Am  25.5.2018 trat für die EU eine neue Datenschutz-Grundverordnung (kurz: DSGVO, engl. „General Data Protection Regulation“, GDPR) in Kraft. Die neuen Bestimmungen sollen Menschen mehr Kontrolle über ihre digitalen Daten geben – bringen für die Urheber von Foto- und Filmaufnahmen  jedoch jede Menge neue Pflichten mit sich und sorgen für viele Fragen. Wir informieren Sie hier über die wichtigsten Probleme und deren Lösungen.

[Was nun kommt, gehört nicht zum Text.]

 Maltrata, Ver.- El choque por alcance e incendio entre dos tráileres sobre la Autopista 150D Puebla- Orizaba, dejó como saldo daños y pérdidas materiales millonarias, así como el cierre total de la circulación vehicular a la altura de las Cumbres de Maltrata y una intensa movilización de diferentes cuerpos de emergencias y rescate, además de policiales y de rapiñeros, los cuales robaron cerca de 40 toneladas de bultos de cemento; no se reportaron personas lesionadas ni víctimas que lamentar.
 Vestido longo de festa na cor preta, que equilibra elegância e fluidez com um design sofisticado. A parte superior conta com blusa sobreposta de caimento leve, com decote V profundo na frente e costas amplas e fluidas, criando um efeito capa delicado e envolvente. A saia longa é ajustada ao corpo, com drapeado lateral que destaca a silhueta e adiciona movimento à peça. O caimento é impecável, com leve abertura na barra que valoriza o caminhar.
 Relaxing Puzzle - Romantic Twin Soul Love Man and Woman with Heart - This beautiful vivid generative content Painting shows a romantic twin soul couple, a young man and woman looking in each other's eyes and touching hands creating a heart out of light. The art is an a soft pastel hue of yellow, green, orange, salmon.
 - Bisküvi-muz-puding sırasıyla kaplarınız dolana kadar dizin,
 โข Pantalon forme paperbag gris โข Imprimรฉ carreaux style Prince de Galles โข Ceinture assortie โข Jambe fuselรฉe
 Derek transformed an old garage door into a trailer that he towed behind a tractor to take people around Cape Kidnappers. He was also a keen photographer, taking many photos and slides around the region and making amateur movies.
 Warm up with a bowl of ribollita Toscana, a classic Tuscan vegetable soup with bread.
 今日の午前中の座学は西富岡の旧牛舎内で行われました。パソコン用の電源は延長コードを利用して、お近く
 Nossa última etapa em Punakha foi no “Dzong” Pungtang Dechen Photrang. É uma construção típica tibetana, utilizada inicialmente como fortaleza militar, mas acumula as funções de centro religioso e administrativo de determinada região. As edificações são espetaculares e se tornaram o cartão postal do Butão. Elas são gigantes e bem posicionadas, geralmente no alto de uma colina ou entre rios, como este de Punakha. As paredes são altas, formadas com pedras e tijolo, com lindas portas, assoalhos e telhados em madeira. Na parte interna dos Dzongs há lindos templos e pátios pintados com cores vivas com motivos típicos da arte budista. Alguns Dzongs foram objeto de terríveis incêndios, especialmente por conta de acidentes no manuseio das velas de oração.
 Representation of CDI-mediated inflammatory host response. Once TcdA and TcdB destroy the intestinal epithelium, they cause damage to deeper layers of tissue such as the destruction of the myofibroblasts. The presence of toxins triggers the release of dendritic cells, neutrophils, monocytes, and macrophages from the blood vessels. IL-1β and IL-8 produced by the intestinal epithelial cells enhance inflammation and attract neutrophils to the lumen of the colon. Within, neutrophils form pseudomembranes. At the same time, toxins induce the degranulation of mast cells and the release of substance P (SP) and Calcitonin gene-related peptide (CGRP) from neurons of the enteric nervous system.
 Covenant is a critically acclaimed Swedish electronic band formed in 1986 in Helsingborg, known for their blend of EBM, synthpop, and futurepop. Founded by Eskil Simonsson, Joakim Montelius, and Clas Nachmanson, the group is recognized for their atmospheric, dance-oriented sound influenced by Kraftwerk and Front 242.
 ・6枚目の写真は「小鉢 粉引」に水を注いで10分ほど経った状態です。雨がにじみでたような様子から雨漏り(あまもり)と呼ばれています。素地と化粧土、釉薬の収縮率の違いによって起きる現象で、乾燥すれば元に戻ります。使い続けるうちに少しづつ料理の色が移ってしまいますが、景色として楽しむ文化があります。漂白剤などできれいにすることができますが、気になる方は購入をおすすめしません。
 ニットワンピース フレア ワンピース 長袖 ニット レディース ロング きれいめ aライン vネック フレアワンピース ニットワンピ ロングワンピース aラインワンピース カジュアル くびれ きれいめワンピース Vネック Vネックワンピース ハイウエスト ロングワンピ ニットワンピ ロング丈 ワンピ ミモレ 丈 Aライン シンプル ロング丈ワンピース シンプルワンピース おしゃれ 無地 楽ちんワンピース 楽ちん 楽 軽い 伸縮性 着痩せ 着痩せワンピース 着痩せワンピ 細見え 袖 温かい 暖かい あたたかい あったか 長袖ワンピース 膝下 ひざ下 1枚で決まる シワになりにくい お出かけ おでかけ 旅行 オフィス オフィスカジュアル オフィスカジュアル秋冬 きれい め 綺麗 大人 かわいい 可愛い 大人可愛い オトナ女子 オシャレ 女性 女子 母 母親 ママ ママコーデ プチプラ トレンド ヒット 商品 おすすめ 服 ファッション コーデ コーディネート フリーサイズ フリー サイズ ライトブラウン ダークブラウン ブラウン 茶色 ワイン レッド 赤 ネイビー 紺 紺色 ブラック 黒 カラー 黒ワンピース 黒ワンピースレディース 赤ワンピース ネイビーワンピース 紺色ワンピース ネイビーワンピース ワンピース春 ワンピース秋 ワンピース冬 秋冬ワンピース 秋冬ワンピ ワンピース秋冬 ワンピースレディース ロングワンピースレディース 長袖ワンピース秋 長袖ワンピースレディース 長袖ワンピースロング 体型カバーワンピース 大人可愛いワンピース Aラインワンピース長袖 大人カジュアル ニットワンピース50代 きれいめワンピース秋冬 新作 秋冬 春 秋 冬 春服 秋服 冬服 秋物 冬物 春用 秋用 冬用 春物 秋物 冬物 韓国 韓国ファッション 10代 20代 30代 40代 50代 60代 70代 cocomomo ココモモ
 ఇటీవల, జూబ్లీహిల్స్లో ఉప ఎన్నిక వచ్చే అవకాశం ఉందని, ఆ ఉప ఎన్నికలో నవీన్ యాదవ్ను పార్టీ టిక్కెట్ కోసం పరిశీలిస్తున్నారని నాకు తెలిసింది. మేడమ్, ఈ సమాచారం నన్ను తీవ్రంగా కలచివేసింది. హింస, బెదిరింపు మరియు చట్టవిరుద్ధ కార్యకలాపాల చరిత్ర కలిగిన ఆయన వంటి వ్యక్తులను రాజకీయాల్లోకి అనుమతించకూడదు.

Die Verunsicherung ist groß: Wie bringt man sich nach dem Inkrafttreten der DSGVO beim Anfertigen und der Verarbeitung von Foto- und Filmmaterial rechtlich auf die sichere Seite? Denn schließlich enthalten viele dieser Aufnahmen personenbezogene Daten, also Informationen, die zur Identifikation einer natürlichen Person ausreichen. Dabei handelt es sich nicht nur um Gesichter, sondern auch um Autokennzeichen, Wohnadressen oder auch nur Körperteile – sofern sie zur Identifikation genügen. Bisher bestimmte das Bundesdatenschutzgesetz (BDSG), dass unter bestimmten Umständen andere Gesetze vorrangig sind, der Datenschutz also zurücktreten muss, wenn höhere Interessen im Vordergrund stehen. Ein solcher Fall ist etwa das „Recht am eigenen Bild“ nach dem Kunsturheberrechtsgesetz (KUG) und damit verbunden die Frage, ob Abbildungen einer Person mit oder ohne deren Einwilligung verbreitet werden dürfen. Wenn es sich dabei z. B. um ein „Bildnis aus dem Bereich der Zeitgeschichte“ handelt und damit ein überwiegendes Informationsinteresse der Öffentlichkeit besteht, ist keine Einwilligung erforderlich. Dies gilt heute nicht mehr pauschal. Zwar sieht die EU-Verordnung vor, dass die Mitgliedsstaaten für einen Ausgleich zwischen Datenschutz und Meinungs- sowie Informationsfreiheit schaffen und dementsprechende Regelungen treffen können, jedoch wurde dies bisher nur in Ansätzen umgesetzt. Eine Ausnahme, die auch jetzt greift, ist das sogenannte Medienprivileg: Journalistische Recherche sowie das Publizieren von redaktionellen Inhalten in Presse und Rundfunk sind auch weiterhin vom Datenschutzrecht ausgenommen, was auch vom Oberlandesgericht Köln bestätigt wurde.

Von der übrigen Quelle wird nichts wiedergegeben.